- Born: Walter N. Gekelman
- Education: Brooklyn College (B.S.) Stevens Institute of Technology (Ph.D.)
- Known for: Large Plasma Device
- Scientific career
- Fields: Plasma physics
- Institutions: UCLA
- Thesis: Optical Determination of the Ion and Electron Temperatures in a Barium Q Plasma (1972)

= Walter Gekelman =

American plasma physicist

Walter N. Gekelman is an experimental plasma physicist and a professor emeritus at the University of California, Los Angeles (UCLA). He is known for the development and construction of the Large Plasma Device (LAPD), an over 20-meter long cylindrical plasma device to study fundamental plasma processes, such as Alfvén waves and magnetic flux ropes, under laboratory conditions. He is an elected fellow of the American Physical Society.
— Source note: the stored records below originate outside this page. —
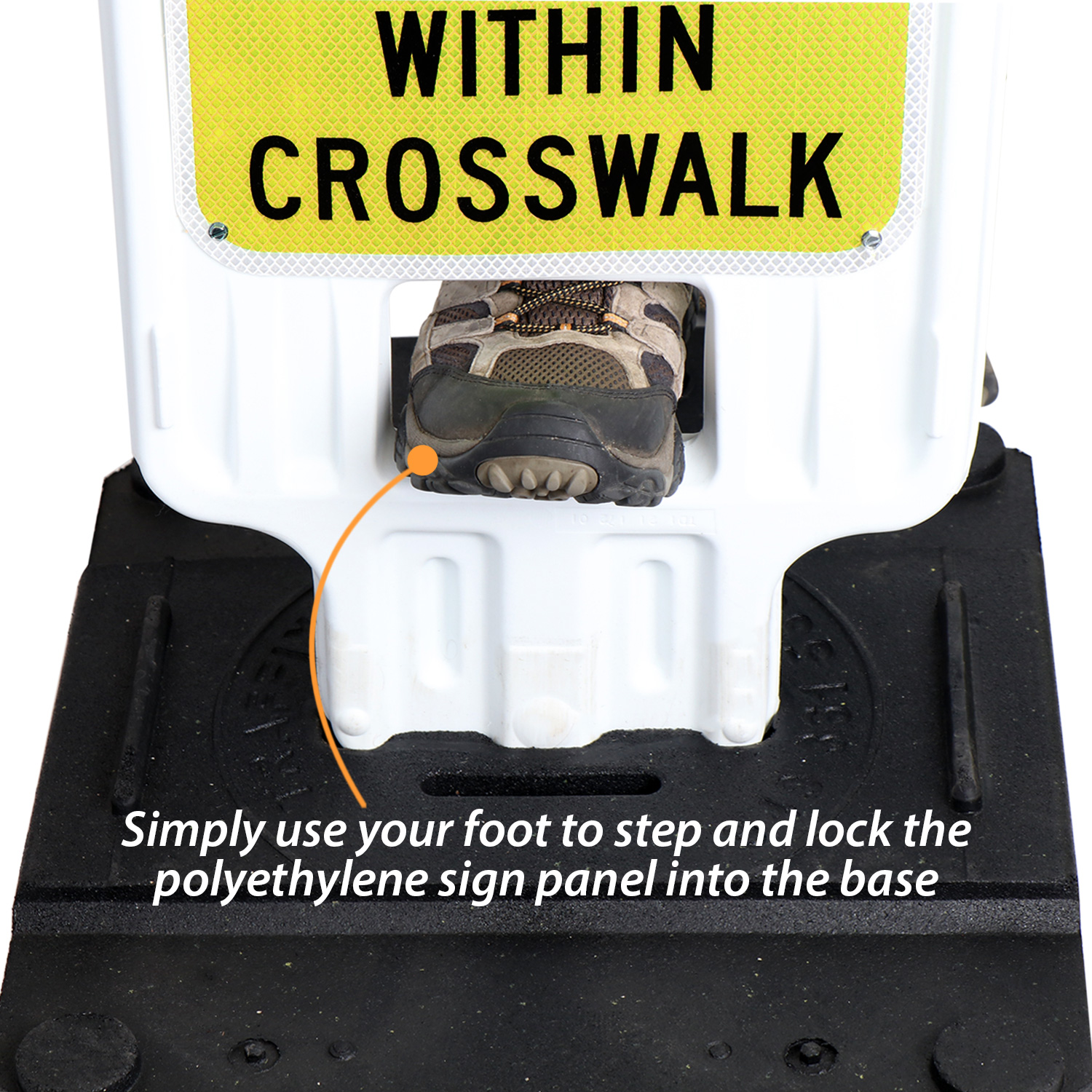 Simply step into the foot hole and lock the panel into the rubber base on this impact resistant portable sign.
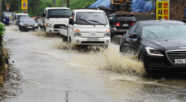 기습적인 폭우가 내린 2일 오후 경기도 광주시 초월읍 선동교차로 인근에서 차량들이 물보라를 일으키며 서행하고 있다.
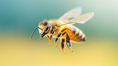 A detailed macro photograph captures a honey bee in midflight against a soft, blurred background. The intricate textures of its wings and body are clearly visible.
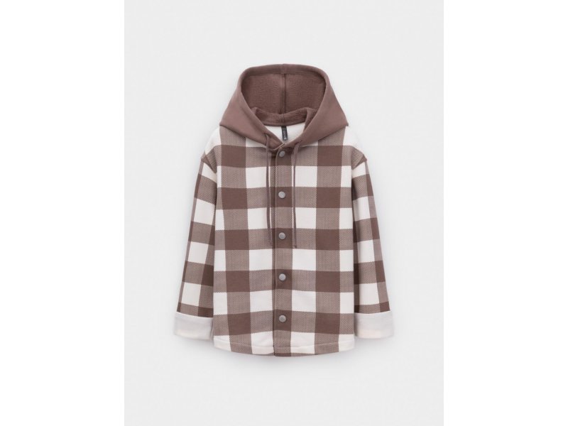 Свободная трикотажная рубашка для мальчика из мягкого петельчатого футера. В составе 80% натурального хлопка и 20% полиэстера, при этом полиэстер ввязан внутрь по особой технологии и не соприкасается с кожей. Застёгивается на кнопки. Модель с капюшоном и спущенным плечом. Рисунок в клетку выполнен из стойких текстильных гипоаллергенных красителей. Изделие сохраняет цвет и форму после многократных стирок. Все трикотажные полотна производятся в соответствии с нормами швейцарского сертификата ЭкоТекс.

== Early life and career ==
Gekelman received a B.S. in physics from Brooklyn College in 1966 and a Ph.D. in experimental plasma physics at Stevens Institute of Technology in 1972.
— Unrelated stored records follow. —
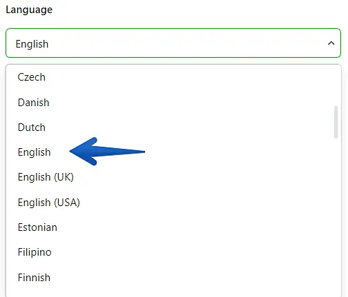 Under "Language", choose the language for your template message
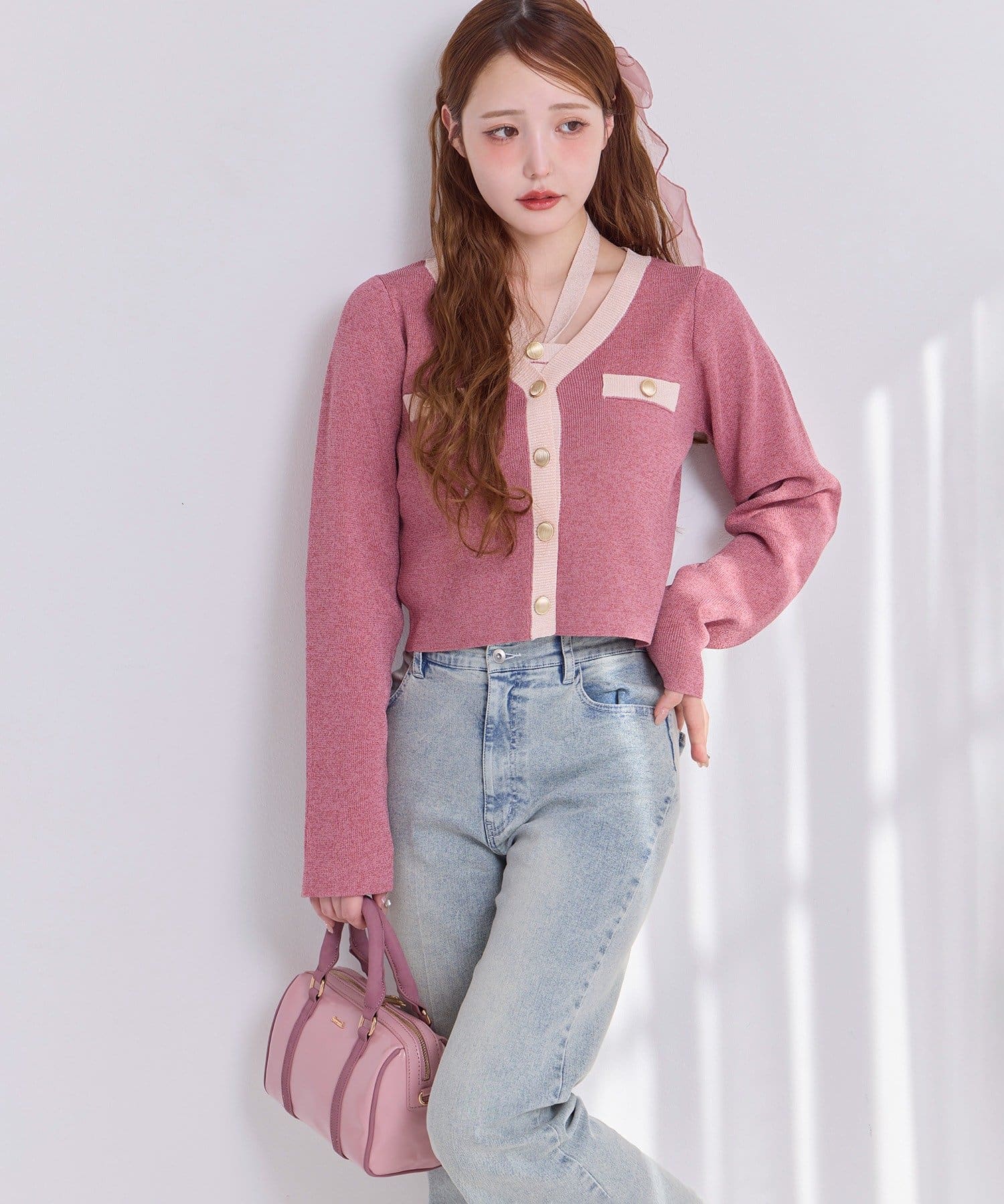 ラメ糸を使用しているため、キラキラとした華やかさが魅力のカーディガン。
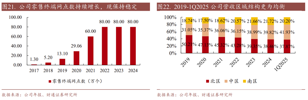 渠道精耕,多维销售网络覆盖全国。对于零售线下渠道,公司自2021年起坚持“低温做精、常温做广”,不断优化全国经销商布局、完善经销商服务体系;持续精耕现代渠道,大力开发烘焙、零食量贩、会员店等势能渠道,现已构建多维协作、纵深发展的全国销售网络。线上渠道方面,公司持续深耕京东、天猫、拼多多等传统电商平台,并于2024年与京东战略签约;大力发展抖音、快手等兴趣电商平台,同时积极拓展美团、饿了么、朴朴等即时零售业态。截至2024年年末,公司终端网点数量快速增长,目前稳定在80万左右;且中区、南区收入占比提升,营收区域结构更为均衡。
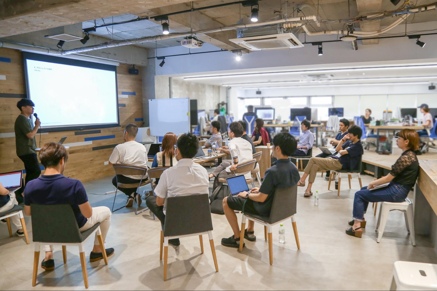 今回のプロジェクトレビューは、年度末の7月下旬から8月にかけての2週間。オフィスのオープンスペースで実施されました。
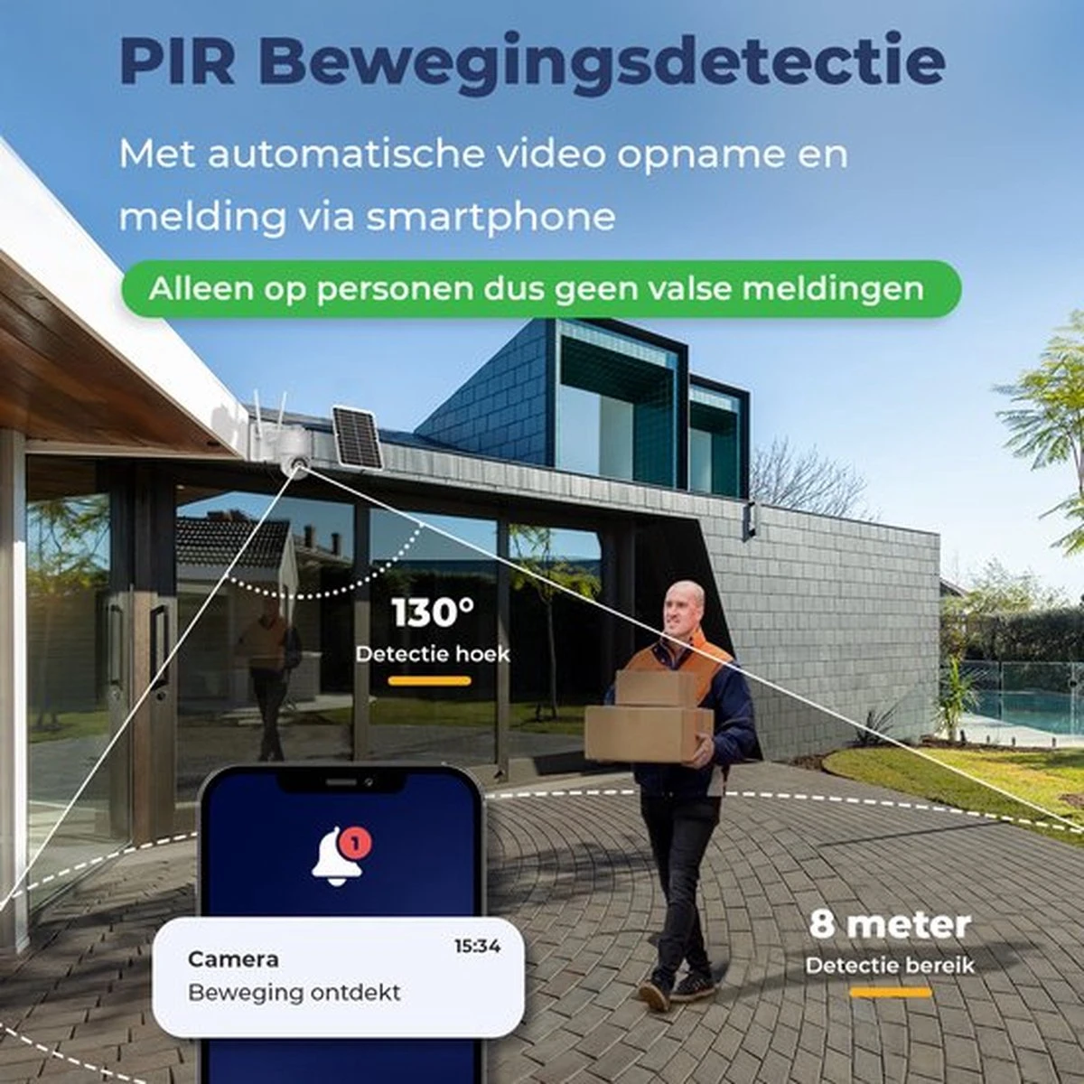 Beweegt er iets terwijl dat niet zou moeten? Dan slaat de Solar Powered Smart Alarm PTZ Security Camera alarm en wordt er automatisch beeld opgenomen. De camera reageert alleen bij menselijke bewegingen (lichaamswarmte) en niet bij wind or schaduw.
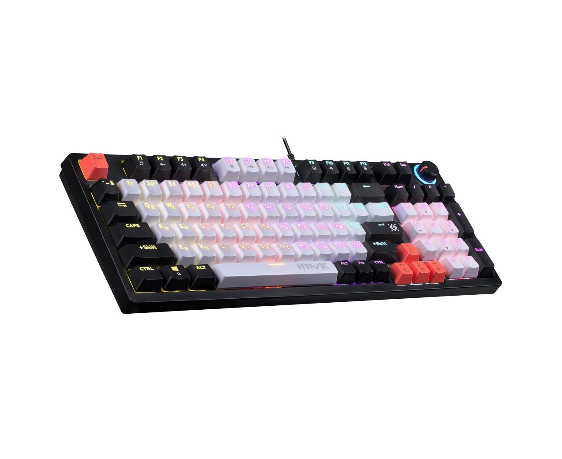Стильная механическая клавиатура с кейкапами трех цветов и тихими коричневыми свитчами. Главные особенности модели: радужная подсветка, возможность замены свитчей, благодаря технологии Hot Swap, а также наличие кнопки-регулятора для управления громкостью и подсветкой.

Gekelman joined UCLA in 1974. In 1991, he constructed the original 10-meter-long LAPD to study Alfvén waves in plasmas and served as the director of the facility for 15 years until he was succeeded by Troy Carter in 2016. During his tenure as director, the LAPD was upgraded to a 20-meter long version in 2001 and became a designated national user facility for the study of basic plasma science, which garnered funding support from the National Science Foundation (NSF) and the US Department of Energy. He was also a member of the National Research Council (NRC) Plasma Science Committee and the NRC Burning Plasma Assessment Committee.

In 2015, Gekelman and UCLA engineer Patrick Pribyl received funding from the NSF GOALI program to research plasma processing technologies for the semiconductor industry, particularly for Lam Research, a semiconductor equipment manufacturing company.

== Scientific outreach ==
Gekelman was involved in scientific outreach for high school students. In 1993, he led the formation of the Los Angeles Teachers Alliance Group (LAPTAG) and established a plasma laboratory for high school students to conduct research that was subsequently published. The laboratory is a device similar in construct to the LAPD, but smaller.
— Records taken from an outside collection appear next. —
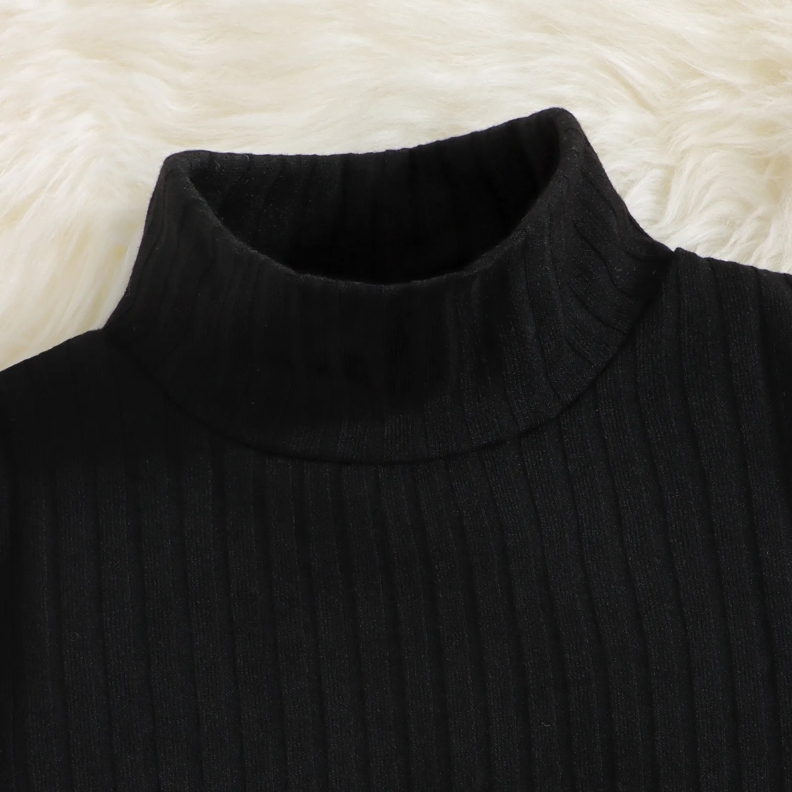 Crafted with soft, breathable cotton in a textured sunken stripe design, this long-sleeve turtleneck offers warmth and flexibility, perfect for layering in autumn and winter.
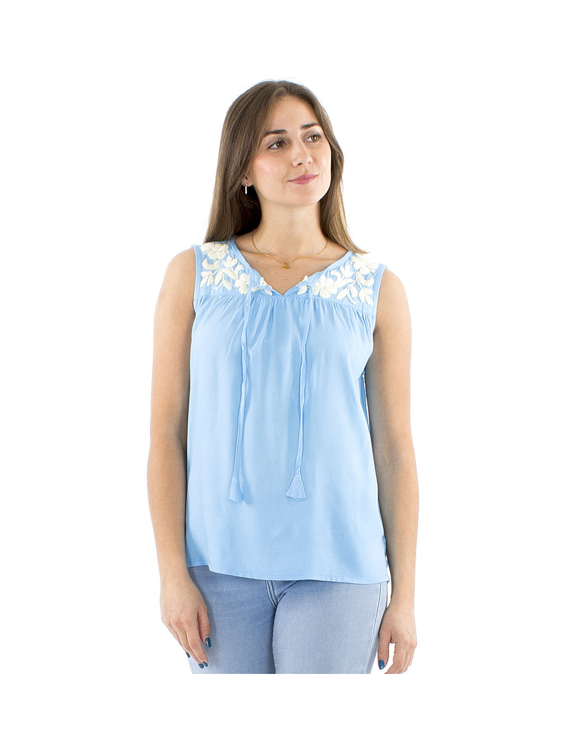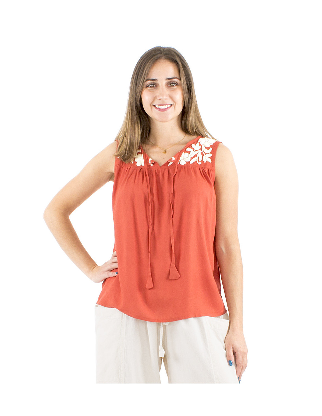 Looking for a bohemian and original top in a fluid and comfortable fabric ? This tank top is just what you need : made of viscose, it has a perfect drape and its loose fit will be incredibly comfortable on warm summer days. The neckline can be worn open in a V-shape, or you can tie the attached ties for a more discreet and girly look. You'll love the hand-embroidered details on the shoulders and the gathers at the bust. This bohemian and feminine piece is available in 3 colors, from S to XL.
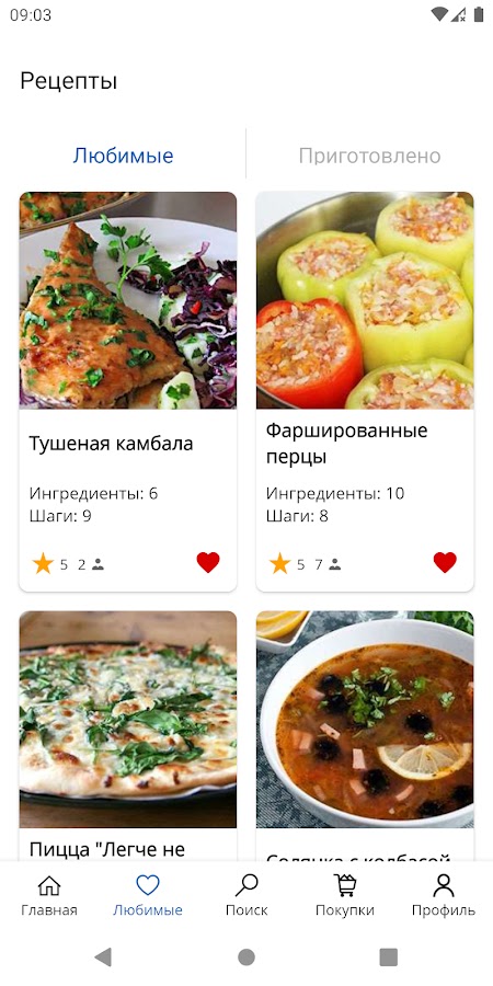 ❤️ Избранное и список покупок: Сохраняйте любимые рецепты и составляйте список ингредиентов для удобного похода в магазин.

In 2002, Gekelman was interviewed by Robyn Williams on his science talk show to discuss the LAPD. He also appeared in the Death Stars episode of Phil Plait's science TV documentary Bad Universe in 2010.

Gekelman also collaborates with UCLA's Art Sci Center as a scientist to deliver public lectures and create works of art inspired by plasma physics.

== Honors ==
In 1996, Gekelman was elected as a fellow to the American Physical Society for "a unique, original program of complete and definitive diagnostic studies of magnetic field reconnection and current disruptions in plasmas, achieving major advances and linking space and laboratory plasma physics".